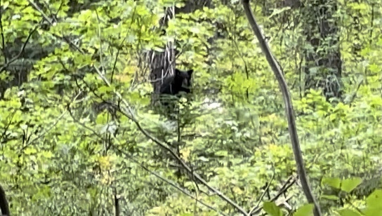 In the afternoon I heard loud branches being snapped off to my left and spotted a black bear. I immediately stopped to watch him. He looked up and stared at us for a second and then turned around and darted down the mountain. He was adorable. I wish we could pet them!
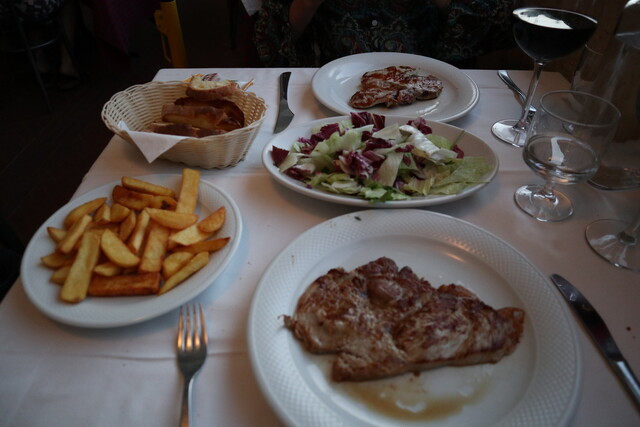 食事の方は、コースとグラスワインを頂きましたが、旧来のイタリアによくある量の多さ。(写真は2人分)
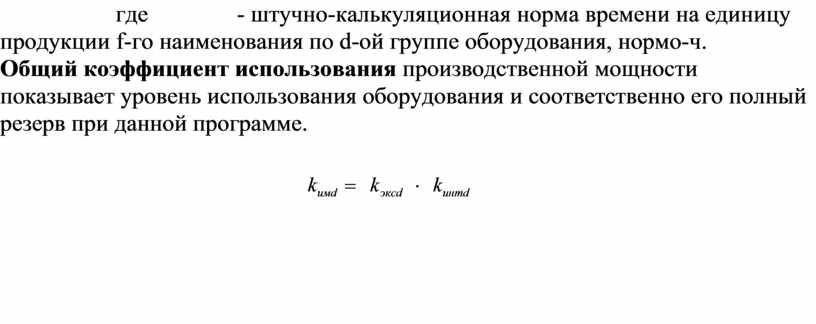 n общим коэффициентами использования оборудования.
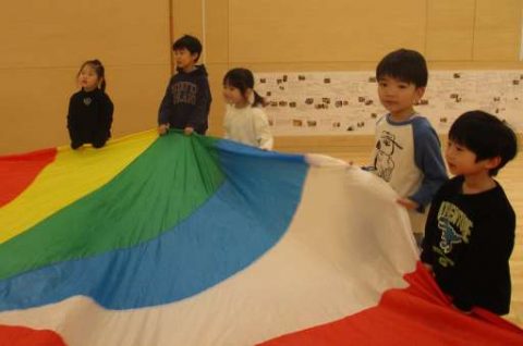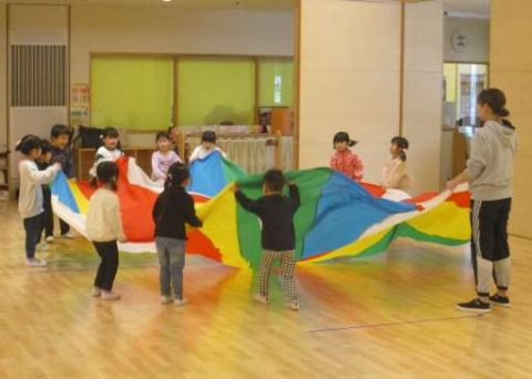 お兄さんが持ってきたパラバルーン。やりたいお友だちで集まって、パラバルーンがスタート!お兄さんの進行をよく聞いています😊
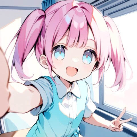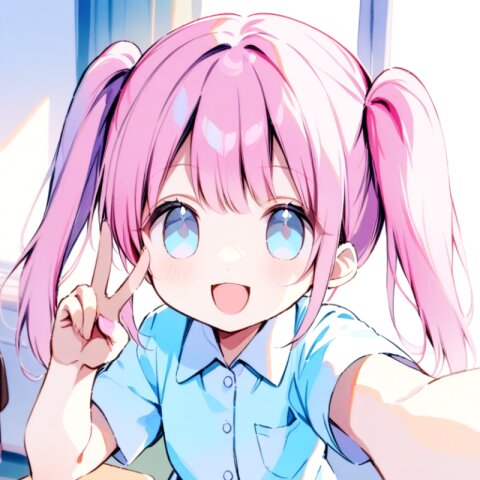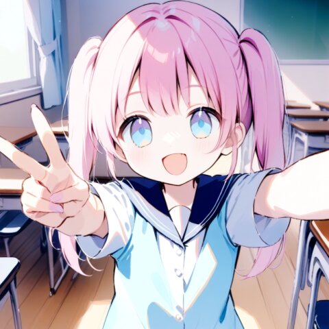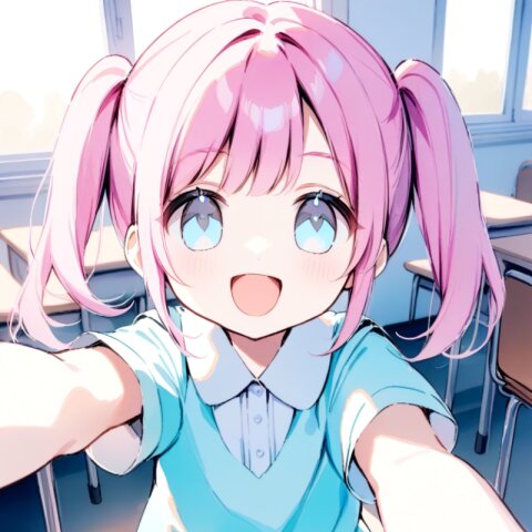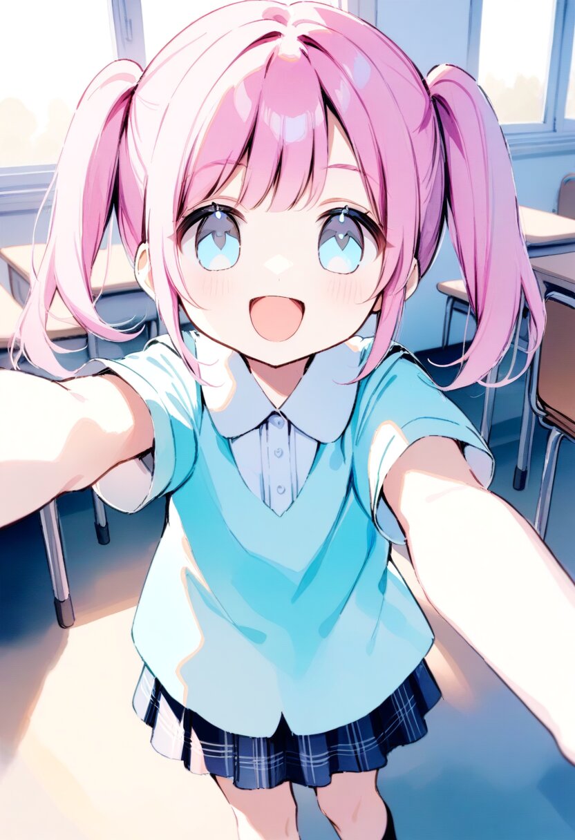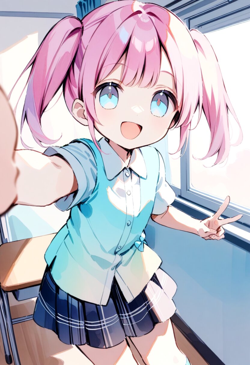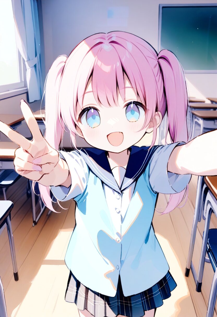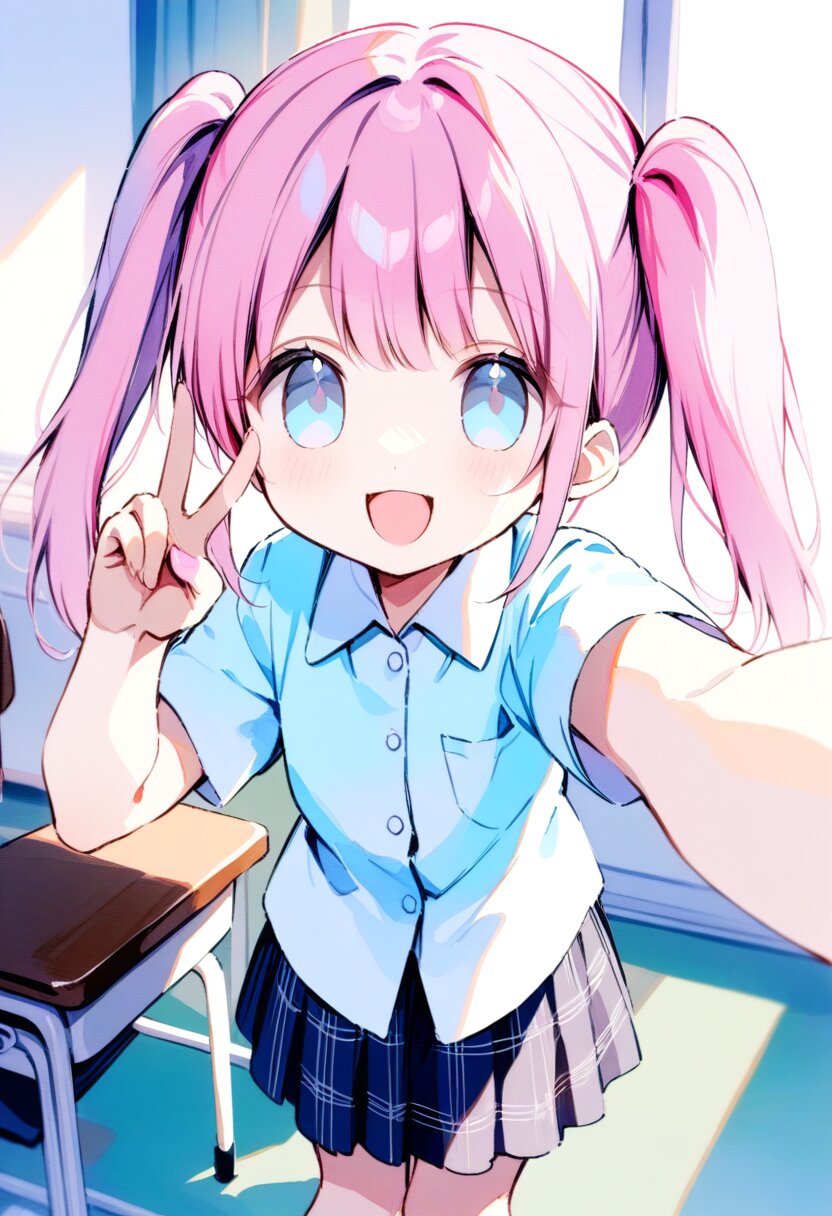 <lora:inmnstylexl:1>, <lora:yumekawaii_ftr:1>best quality, masterpiece, very aesthetic, watercolor painting, pastel colors, general, 1girl, 10 years old, pink hair, twintails, light blue eyes, smile, open mouth, white shirt, shortsleeves, navy plaid skirt, v, selfie, classroom, from above
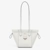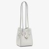 Mini Origami bag made of white full-grain leather. The style recalls the dual nature and creativity of Fendi with an innovative design that can be transformed: the ingenious closure with eight magnets means the bag can be folded, origami-style, transforming it from a bucket bag – when the magnets come together in the middle with a magic clasp – into a shopper by gently pulling up the short shoulder straps on each side. It comes with a key case charm with the word Fendi in metal. Lined inner compartment and gold-finish metalware. It can be carried by hand or worn on the shoulder thanks to 2 leather handles.
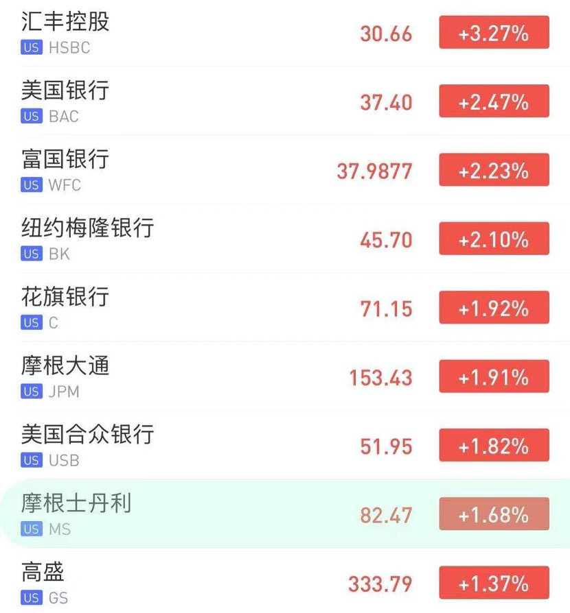 截至发稿,汇丰控股涨3.27%,美国银行、富国银行、纽约梅隆涨超2%,花旗、小摩涨近2%。
*-*-*
▶ TASK: Nothing but the lines from the start of the listing through the line with "お兄さんが持ってきたパラバル" belongs in the answer, each one retyped exactly and without pictures.

▶ OUTPUT BELOW:
 In the afternoon I heard loud branches being snapped off to my left and spotted a black bear. I immediately stopped to watch him. He looked up and stared at us for a second and then turned around and darted down the mountain. He was adorable. I wish we could pet them!
 食事の方は、コースとグラスワインを頂きましたが、旧来のイタリアによくある量の多さ。(写真は2人分)
 n общим коэффициентами использования оборудования.
 お兄さんが持ってきたパラバルーン。やりたいお友だちで集まって、パラバルーンがスタート!お兄さんの進行をよく聞いています😊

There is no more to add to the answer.